Art and Law Studies, 2010

Three projects exploring the search for order in ambiguous legal and ethical situations.

Originality Compass, 2010

From hundreds of cases around copyright infringement, twenty were selected across a spectrum of creative forms such as: photography, sculpture, painting, and song lyrics. These cases were catalogued by the title of the work and the method used to make the work, for instance made by hand vs. manufactured. Each case was also coded by if the work in question was seen as transformative or not original. By breaking apart pages of court decisions into these specific elements, the cases could be arranged on a volvelle (or wheel chart, similar to color wheel).

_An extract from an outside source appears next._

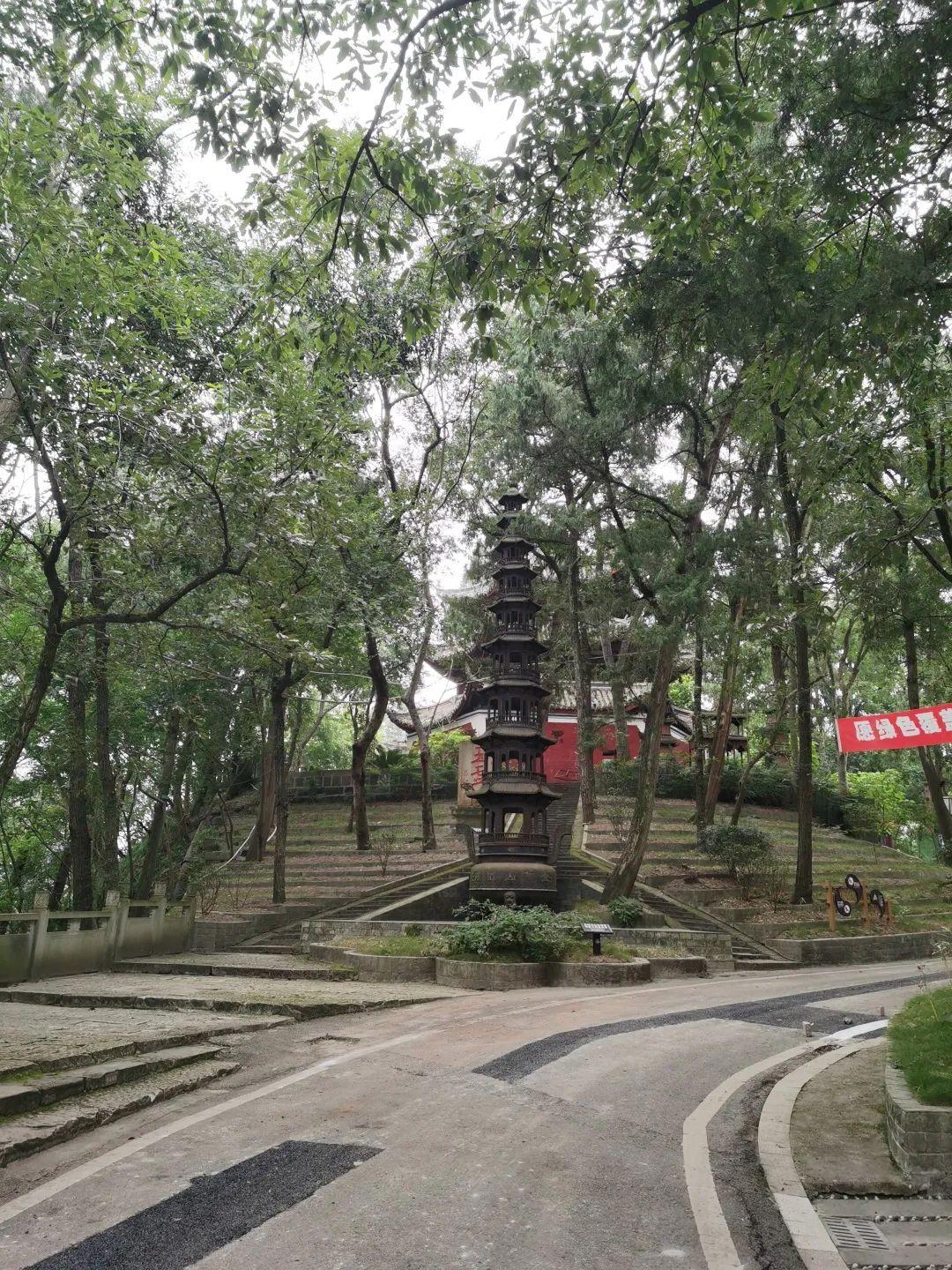 经过玉皇楼还有一座四角亭楼,一楼两层,名纯阳阁,为纪念八仙之一的吕洞宾而建。金华山前山便到此为止。从纯阳阁行经一段茂密的林荫小道再拾级而上,约百余步,即达金华山后山梧冈山。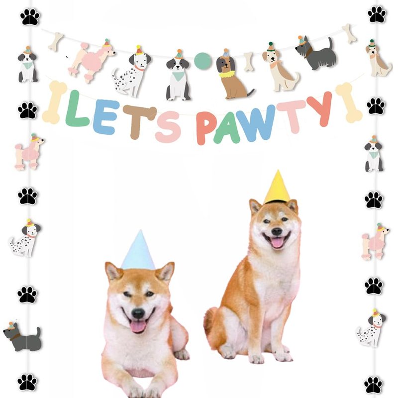 Let’s Pawty Banner Dog Birthday Party Decorations Puppy Pet Dogs Cats Happy Birthday Paw Print Sign Photo Backdrop. Puppy Themed Decor: Perfect for dog birthday parties, pet adoption events, baby showers, and more.

The volvelle presents a new relational system that facilitated novel interpretations to intellectual property debates and reveals contradictions between these cases. For instance, in one case a designer was guilty of infringement for copying a dog mannequin, whereas in another case a designer copying another designer’s human mannequin was not a violation of copyright. Through examples like these, the chart exposed the ambiguity in defining “originality” and highlighted the challenges for creative practitioners who make original work or work that involves sampling and cultural critique.

I’m Sorry, 2010

I’m Sorry, explores originality in the context of appropriation and plagiarism. The text of the book consists of excerpts from public apologies for plagiarism by journalists, authors, and politicians combined into one long, rambling apology. The layout of the text is composed from setting the type by hand – one letter at a time– for printing on the Vandercook press.

Each page represents a pass on the antique press and includes errors inherent to the hand set type process, such as physically damaged type where letters are missing parts or type that was hand set upside-down or backwards. The combined apology takes up twenty lines and is re-printed on each page until gradually all printing errors have been corrected. The repeated text on the sequnce of booklet pages becomes a physical embodiment for the theme of exposure to other’s ideas and the slippery slope between influence, appropriation, and outright “theft.”

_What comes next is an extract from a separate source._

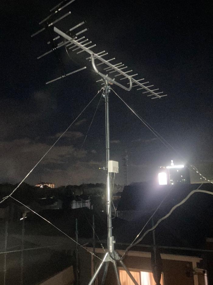 その昔、八木秀次博士が発明した形状(魚の骨のような形状)からマイナーチェンジを繰り返し洗練されたフォルムとなり、中・弱電界エリアにも対応可能な安心のDXアンテナ社製。UHF20素子アンテナの性能で、吹きさらしで障害物の少ない屋根上に設置することが多いため利得が高くなっております。万が一、壁面や屋内でデザインアンテナを取り付けられない物件 にも最適。従来の鉄製の太いワイヤーとは異なり、ステンレス製の丈夫で錆びにくいワイヤー(支線)を採用。アンテナマストから屋根の四隅に向けて4本の支線を張り巡らせ、さらに張り巡らせた支線の途中からも屋根馬に向けて4本の支線をバランスよく張り、合計8本の支線で頑丈に設置しております。サイズは51.8cm×34cm×101.4cmとなっており、VHF(アナログアンテナ)と比較して、大幅なサイズダウンと軽量化がなされています。しかも耐風速(破壊風速)50m/s。地デジ放送が始まる前の時代より、屋根上に設置するアンテナは災害に強くなっていると言えるでしょう。当店で人気ナンバー2の地デジアンテナでございます。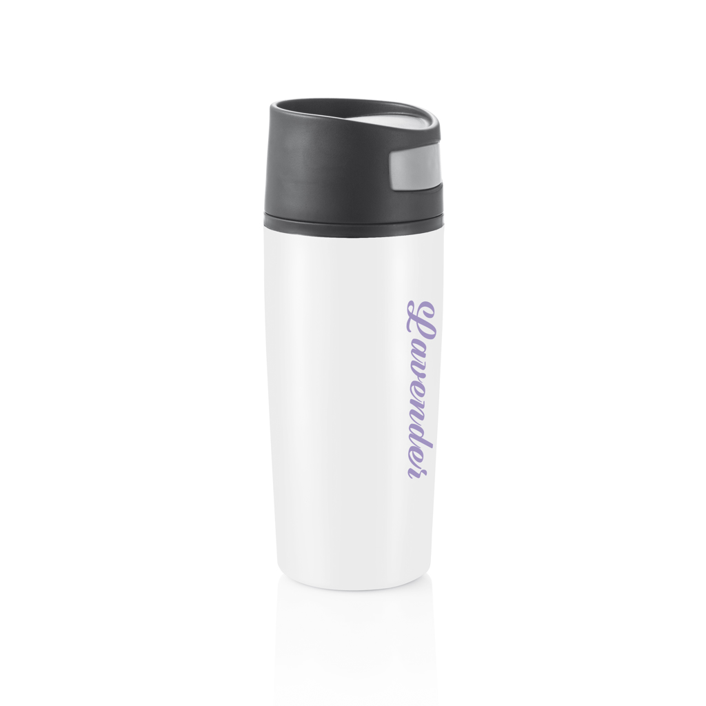 Bílý nerezový cestovní hrnek ESTA v čistém designu přináší maximální komfort při pití oblíbeného latté nebo čaje v autě. Vyznačuje se kontrastním černým PP povlakem a chytře vymyšleným ovládáním jedním stiskem prstu.

The book was letterpress printed at The Center for Book Arts. Edition of 35.

You Don’t Need a Weatherman, 2013

This diagram is based on Alex B. Long’s research in the use of pop metaphors in legal proceedings with emphasis on Bob Dylan. In his paper The Freewheelin’ Judiciary: A Bob Dylan Anthology, he cites how Dylan lyrics have found their way into published court documents. For example Chief Justice John Roberts’ opinion on payphone operators and carrier long distance charges quotes “When you ain’t got nothing, you got nothing to lose.” Justice Antonin Scalia’s opinion on the court’s ability to decide on employee privacy in regard to text messages quotes “These times they are a changin.’” 

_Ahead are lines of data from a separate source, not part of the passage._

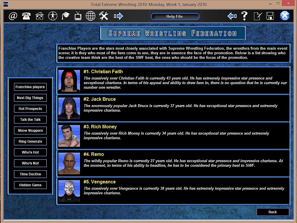 • The most accurate wrestling simulator ever made, including wrestlers with styles that can change and over time due to injury, age, or skill level changes.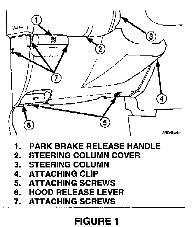 3. Remove the screws attaching the lower steering column cover and separate the cover from the instrument panel (Figure 1).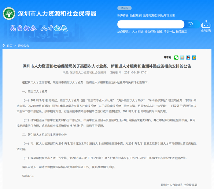 5月28日,深圳人社局发布《关于高层次人才业务、新引进人才租房和生活补贴业务相关安排的公告》,这意味着,在拟修订户籍迁入政策之后,深圳对人才政策也正在作出调整。《公告》指出,市、区人力资源部门对2021年8月31日及之前引进的人才按原规定受理申请,对2021年9月1日及之后新引进人才不再受理发放租房和生活补贴。与此同时,对2021年9月1日及之后新引进入户并在深圳全职工作的35岁以下的博士另行制定生活补贴政策。

This chart focuses on citations for Dylan’s Subterranian Homesick Blues, more specifically the couplet: 

“You don‟t need a weatherman
To know which way the wind blows.” 

A search through court documents where these lines were quoted turned up over twenty results. Weatherman, diagrams these cases and the context that the Dylan lyrics were used to decribe. The lines and connections are styled similar to a weather forecast and offer a window into the ways art was used as legal precedent.